A handful of pandan leaves, with their palm-and-pine-like fragrance (left). Nothing like freshly squeezed lime juice for some added zest (right).

How about a non-alcoholic cooler, great for any poolside or beach party? The chia seeds and amber-hued sea coconut segments add some lovely bite; the pandan infuses the drink with its distinct, palm-and-pine-like essence; the limes offer a bright zestiness.

And nothing conjures up the sand and the sea more than the taste of cool coconut water, right?

Bottoms up, everyone!

COCONUT CHIA COOLER

Ideally, you’re looking for young coconuts that are still green outside. These are harvested at about five to six months, and contain the most amount of coconut water. Do be careful when hacking at the top of the coconut as sometimes there’s an unexpected spray when the husk is initially pierced.

Chia seeds (Salvia hispanica) originate from Mexico and Guatemala. In Aztec times, warriors purportedly consumed chia seeds for strength and endurance. A single spoonful could last them for an entire day!

The layer of amber-hued sea coconut in syrup adds body to the drink.
The layer of amber-hued sea coconut in syrup adds body to the drink.

Whether this is myth or fact, chia seeds are very nutrient dense: they’re rich in Omega 3 fatty acids, fibre and protein.

Ingredients
2 young (green) coconuts, water only
2-3 pandan leaves, tied into a knot
2 teaspoons chia seeds
½ can sea coconut in syrup
2 limes, juice only
2 pandan leaves, for garnishing
Ice cubes, optional

Method
Collect the fresh coconut water from two young coconuts. Pour into a pan and simmer with the knot of pandan leaves for about 5 minutes, to infuse it with flavour. Remove the pan from the heat and dispose of the pandan knot. Allow the liquid to cool.

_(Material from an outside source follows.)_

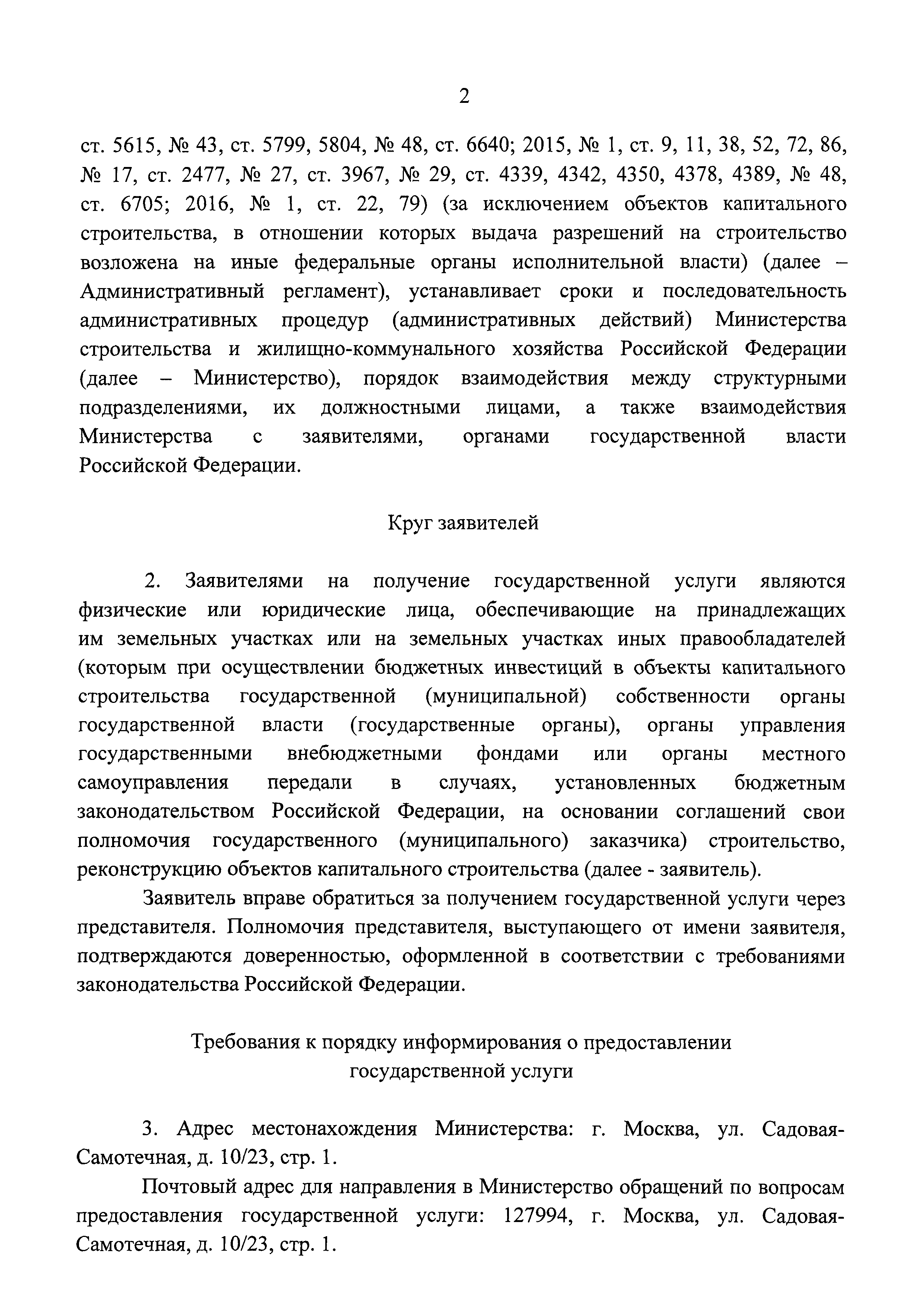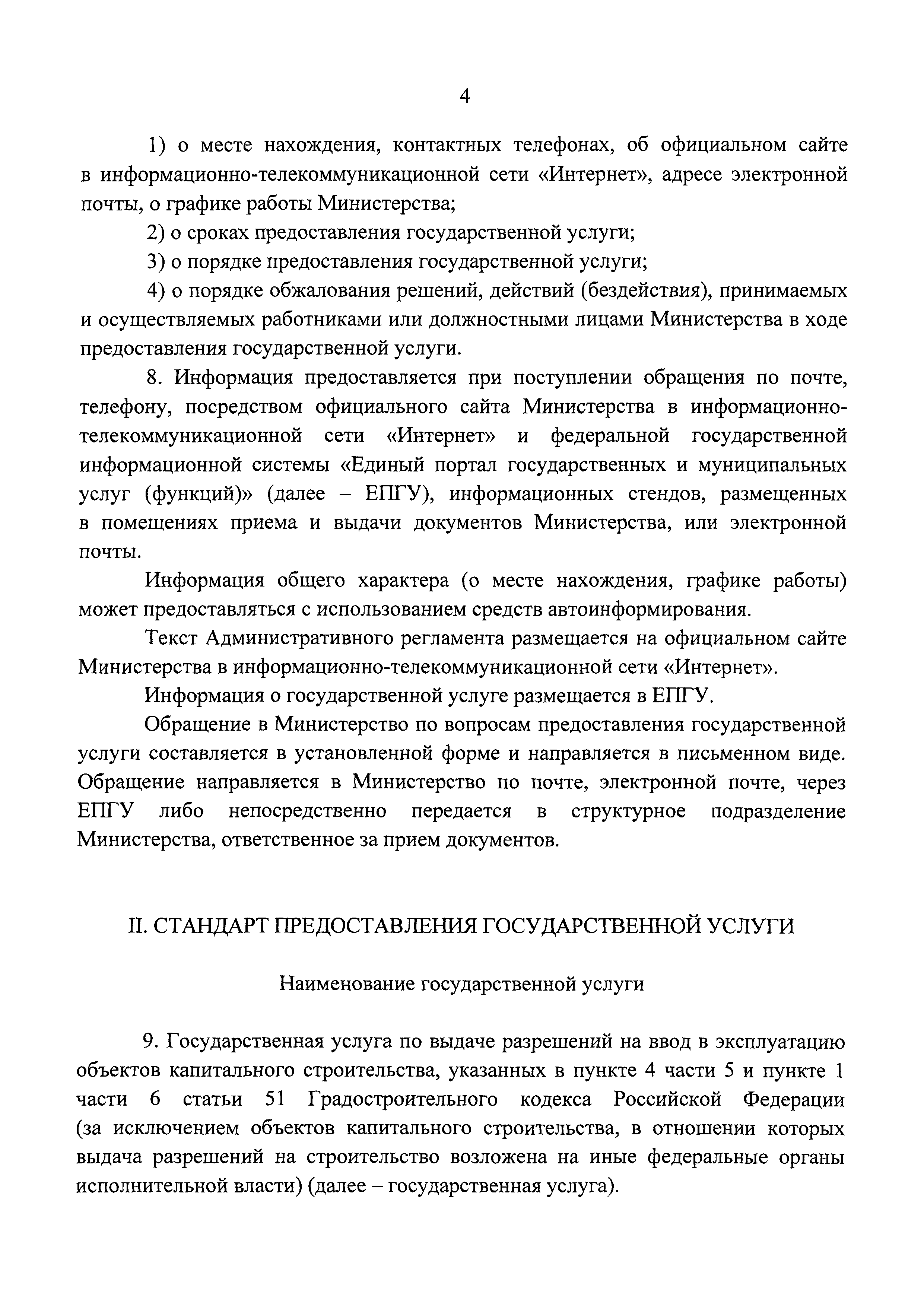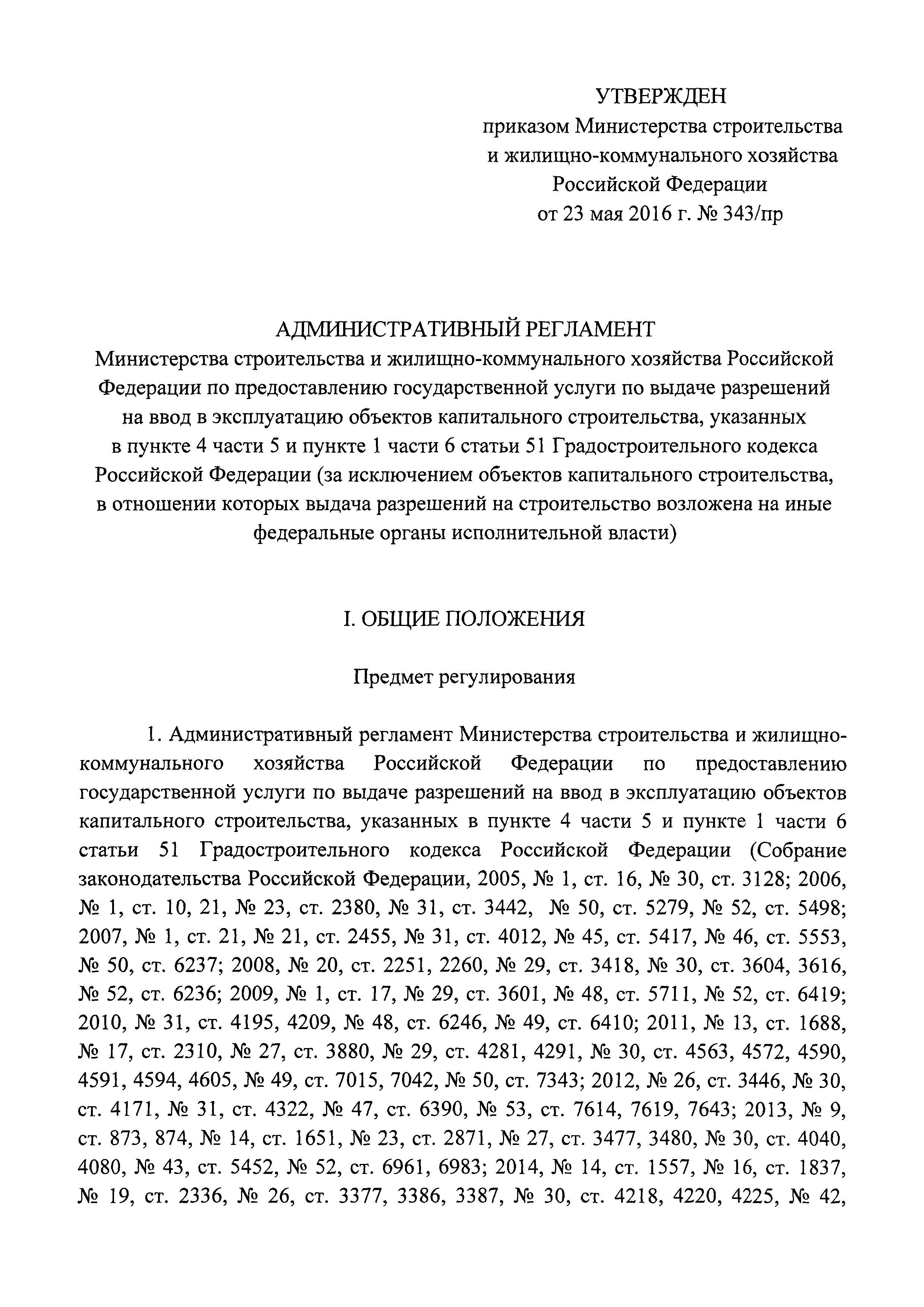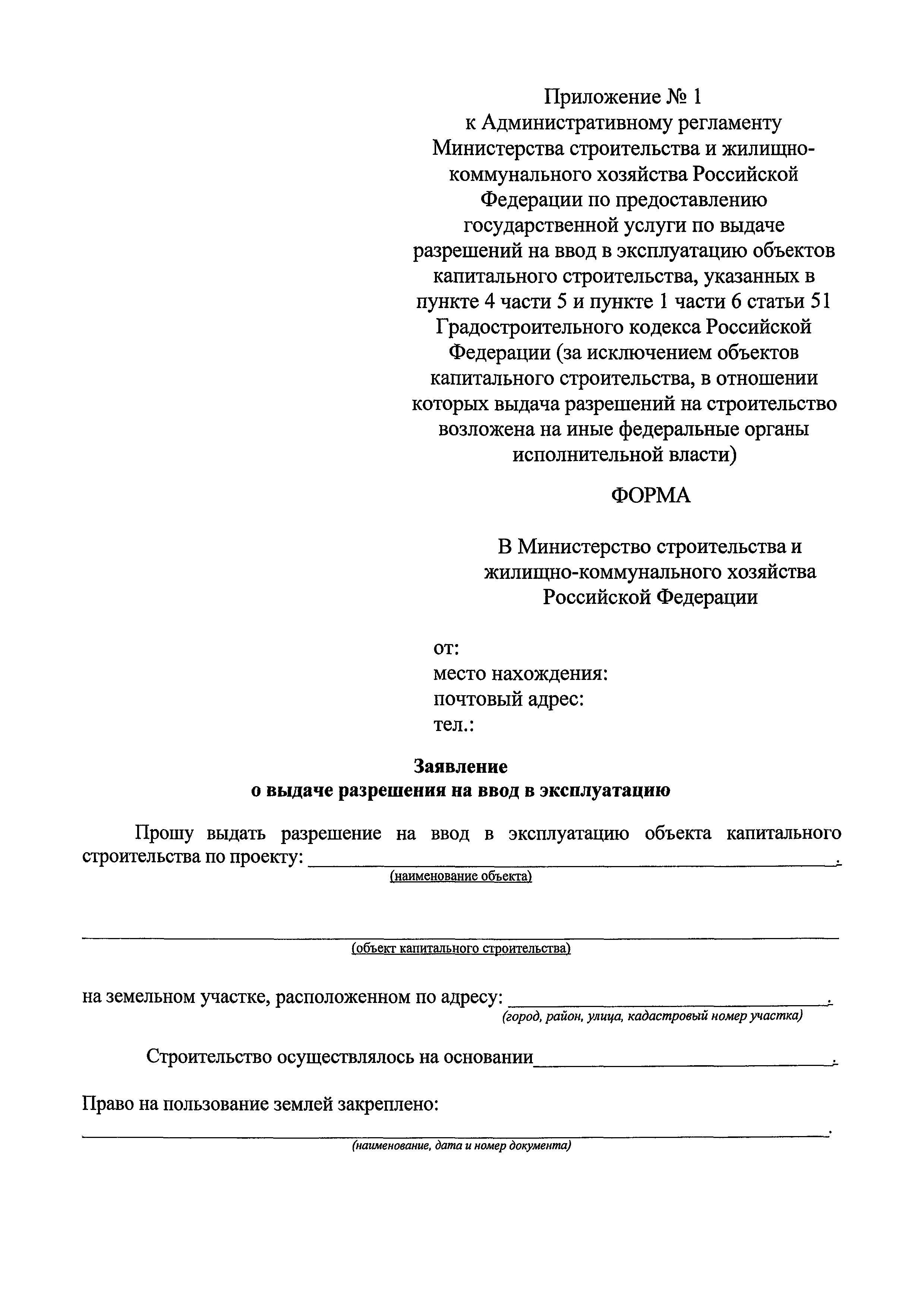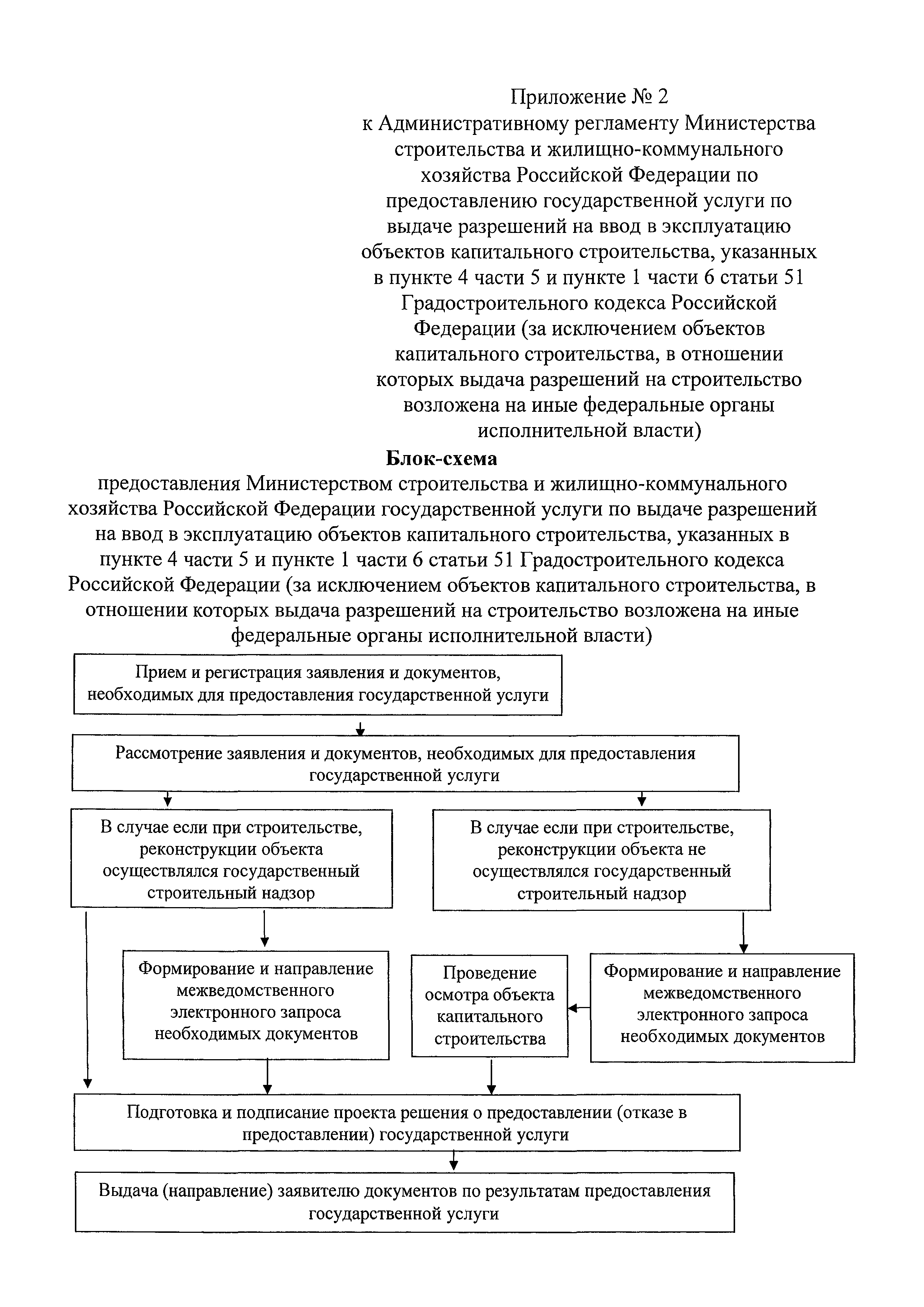 | Оглавление: | I. Общие положения II. Стандарт предоставления государственной услуги III. Состав, последовательность и сроки выполнения административных процедур, требования к порядку их выполнения, в том числе особенности выполнения административных процедур в электронной форме IV. Формы контроля за исполнением Административного регламента предоставления государственной услуги V. Досудебный (внесудебный) порядок обжалования решений и действий (бездействия) органа, предоставляющего государственную услугу, а также его должностных лиц Приложение № 1. Заявление о выдаче разрешения на ввод в эксплуатацию Приложение № 2. Блок-схема предоставления Министерством строительства и жилищно-коммунального хозяйства Российской Федерации государственной услуги по выдаче разрешений на ввод в эксплуатацию объектов капитального строительства, указанных в пункте 4 части 5 и пункте 1 части 6 статьи 51 Градостроительного кодекса Российской Федерации (за исключением объектов капитального строительства, в отношении которых выдача разрешений на строительство возложена на иные федеральные органы исполнительной власти) |

Once cool, pour the pandan-infused coconut water into a container and add the chia seeds. Cover tightly and set aside in the fridge for at least two hours; preferably overnight. This will allow the chia seeds to expand in size.

Ladle the sea coconut segments, along with some of their syrup, into two large glasses. Pour the chilled pandan-chia-coconut water and the lime juice over the sea coconut layer. Garnish each glass with a fresh pandan leaf. Top with ice, if desired. Serve immediately.